Ways of knowing in computer science and statistics

Brad Groff writes:

Thought you might find this post by Ferenc Huszar interesting. Commentary on how we create knowledge in machine learning research and how we resolve benchmark results with (belated) theory. Key passage:

You can think of “making a a deep learning method work on a dataset” as a statistical test. I would argue that the statistical power of experiments is very weak. We do a lot of things like early stopping, manual tweaking of hyperparameters, running multiple experiments and only reporting the best results. We probably all know we should not be doing these things when testing hypotheses. Yet, these practices are considered fine when reporting empirical results in ML papers. Many go on and consider these reported empirical results as “strong empirical evidence” in favour of a method.

Huszar’s post is interesting, and also interesting is this linked post by Yann LeCun.
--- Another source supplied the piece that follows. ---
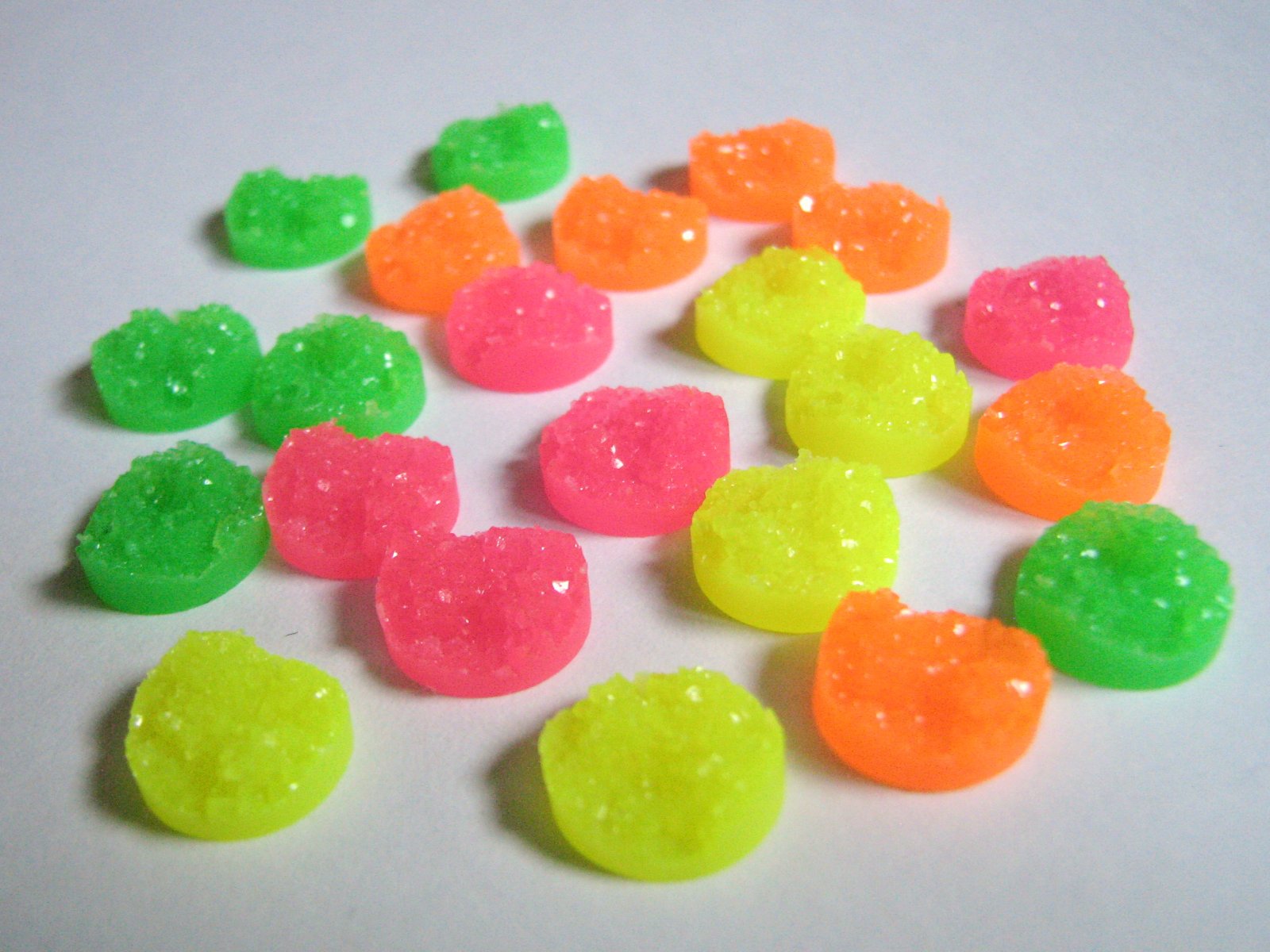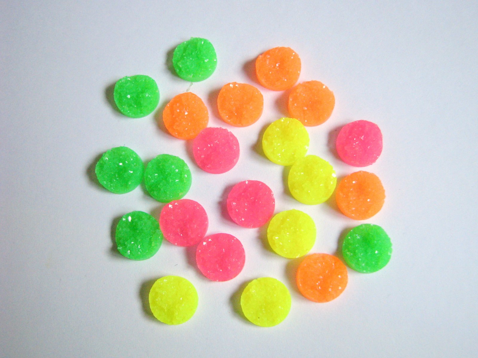 Plastové kabošony s priemerom 12 mm, s akoby kryštalickým povrchom, v neónových farbách - ružovej, zelenej, oranžovej a žltej. Nevyužité.

My only comment is that we have many different ways of deciding what methods to use, including:

– Mathematical theory,

– Computer simulations,

– Solutions to toy problems,

– Improved performance on benchmark problems,

– Cross-validation and external validation of predictions,

– Success as recognized in a field of application,

– Success in the marketplace.

None of these is enough on its own. Theory and simulations are only as good as their assumptions; results from toy problems and benchmarks don’t necessarily generalize to applications of interest; cross-validation and external validation can work for some sorts of predictions but not others; and subject-matter experts and paying customers can be fooled.

The very imperfections of each of these sorts of evidence gives a clue as to why it makes sense to care about all of them. We can’t know for sure so it makes sense to have many ways of knowing.

For further discussion of this point, see section 26.2 of this article.

7 thoughts on “Ways of knowing in computer science and statistics

  1. In a recent talk for a session on “Phil Sci & the New Paradigm of Data-Driven Science” I try to delineate some ways to warrant inferences despite using the same data to both build and appraise a model or other claim (slides 23-4). https://errorstatistics.com/2018/06/04/your-data-driven-claims-must-still-be-probed-severely/
    ML is not a field I’ve worked on, this was only an attempt to apply some things I have worked on to this problem. When the author says “the statistical power of experiments is very weak”, I take it he’s saying they have low capability to discern flaws in resulting claims. If so, those flaws can’t be regarded as well ruled out, so other probes are required to claim knowledge.

    • I don’t think he’s using “power” in the “type 2 error” sense. I think he means the power to find “truth” given the garden of forking paths and experimenter degrees of freedom — the problems that come from knowing –or think that you know — the theoretical result (e.g. your slide 15)

      It’s a good thing that there are multiple ways of deciding, because the data we work with can have a lot of different forms. I generally work in a data-rich environment, so methods that involve holdout samples (or multiple holdouts) make a lot of sense. Next week I’ll get more gigabytes of data coming in the door. On the other hand, there’s only a presidential election every 4 years.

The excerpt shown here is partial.